Saturday, May 07, 2005

Delicate Essen

So after cramming in as many gourmet goodies as physics will allow, the di Bruno brothers have decamped from their two teeny storefronts on 18th St. to a newly-renovated zillion square foot facility around the corner on Chestnut Street (my glorious new street). I was in the Green St. consignment store trying to find new slacks to cover my expanding thighs (courtesy of di Bruno brothers) when I received a furtive phone call on my cell from David; could I meet him in 5 minutes to tour the new store??? Is the Pope a Nazi? Of course I could. I grabbed my new purchases ( a pair of Ralph Lauren red-checked jeans which might make me look like a tablecloth in bargain-priced Italian restaurant, but they fit and a room-for-expansion Eileen Fisher outfit which is very elastic and has a looooong overjacket to cover whatever new cellulite may be coming my way) and rushed directly across the street to the Taj Mahal of Tasty Tidbits--the new and improved di Bruno's.
They must have added a brother or two in the meantime because this Mecca of Morsels is vast, gorgeous, and doesn't bear much relationship to the previous baby-sized stores or even the Motherstore in the Italian Market. Think Dean and DeLuca's and then take it to the third power. Luckily my favorite counter men and women are still working, but they look a tad spiffier, better coiffed, smilier. Maybe it's because they have enough oxygen now with the expanded space. In any case, I helped myself to a few freebies including a piece of raw milk Machego cheese from Spain and a part sheep/part cow's milk buttery soft cheese made in Vermont that was offered to me, on a substantial-sized toothpick, from the Vermonter himself who described it in such detail that it began to sound pornographic. I tasted a tad and it was.
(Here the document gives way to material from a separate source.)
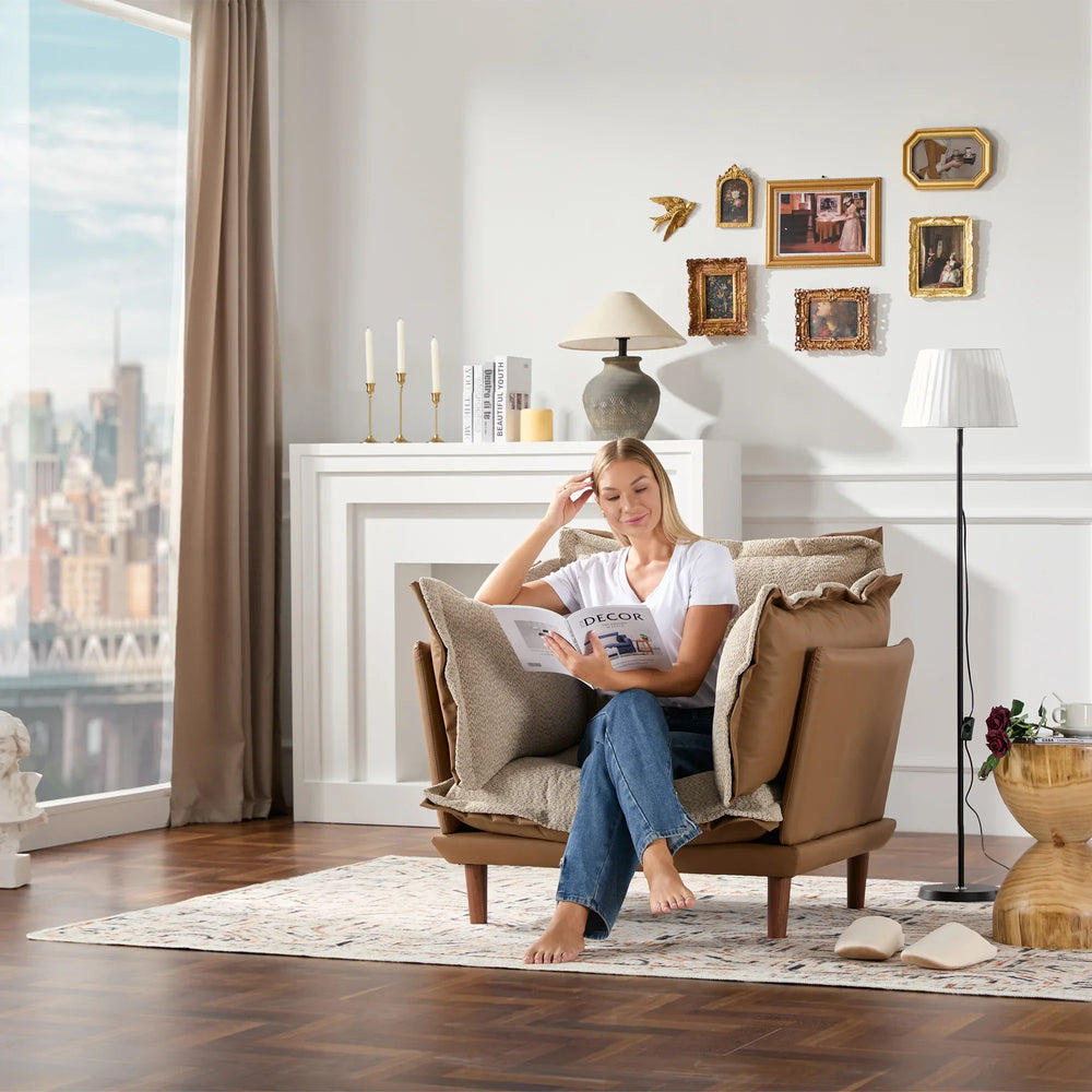 Modern-style oversized chenille armchair with plush fiber foam and polyester padding offers adjustable support and dual fabric options for year-round comfort. Ideal for living rooms, bedrooms, and studies, designed to accommodate multiple seating postures with durable wood and fabric construction.

But cheese they had before, although not in such profusion, such excess, such magnificence. What they did not have before, and what brought tears of joy and a little nostalgia to my eyes, is an authentic Jewish smoked fish counter. I started to experience tachycardia from happiness. My mind immediately went back to a very different time, a gentler time, a cheaper time...let's say 1957. In my dissociated state, I am standing in front of Murray's Delicatessen on 54th. St. south of City Line. Our dreadful dentist, Dr. Glauser, has an office above. I think trolleys are going by, but they may be buses already. Murray's on a Friday or Saturday was a place to teach you patience. Jewish people crowded in there as if they were about to glance the coming of the Meshiach. You took a plastic black number, milled around, and chatted with your neighbor who was pressed up against you in a way that would have been uncomfortable but we were all "landsleit" after all. The challenge was that while you got number 98 they were only up to 11!. That gave you plenty of time to look at the perfect kippered salmon, the fattest smoked whitefish, the pinkest salty lox (no Nova for the Forman family please; nothing is too salty for us). You could get delicious sweet butter from a big roll by the pound cut off for you; cream cheese was from a block as well, no foil wrapper and gummi-bear additives. You could also rehearse your bagel order which wasn't too hard because in the old days, my young 'uns, there were only a few authentic kinds. I seem to remember only plain (the pale ones), egg (the startling yellow ones), and poppy seed. I believe the everything bagel, the marble bagel, the pumpernickel bagel came later. Such goyishe innovations as the blueberry bagel and the chocolate chip bagel would make my grandmother Anna's ashes turn over in their urn.
It was a Friday back in the mid-50's that the following event occurred; this is a true story. My mother, grandmom, and I were at 54th St. together to do our errands and we squeezed into Murray's where Mom obtained her number. It was way low. My mother attempted to push her way, or was pushed forward, leaving Grandmom and me hanging back a bit. I was vitually invisible, being so short and Grandmom wasn't a whole lot taller. After quite a while my mother announced to us that she had other errands to accomplish, so she gave the holy number to my grandmom and she told us she'd be back to meet us later. With my mother gone, Grandmom began her usual sotto voce litany of Yiddish mutterings. "Darf sein meshugge" [ you have to be crazy] and "We'll be waiting here for a year and a vetchera" [i have no idea what a vetchera is but it's a long long long time] and "the gesalzens [ lit: salty things; refers to smoked fishes and lox]better not be dry" etc etc.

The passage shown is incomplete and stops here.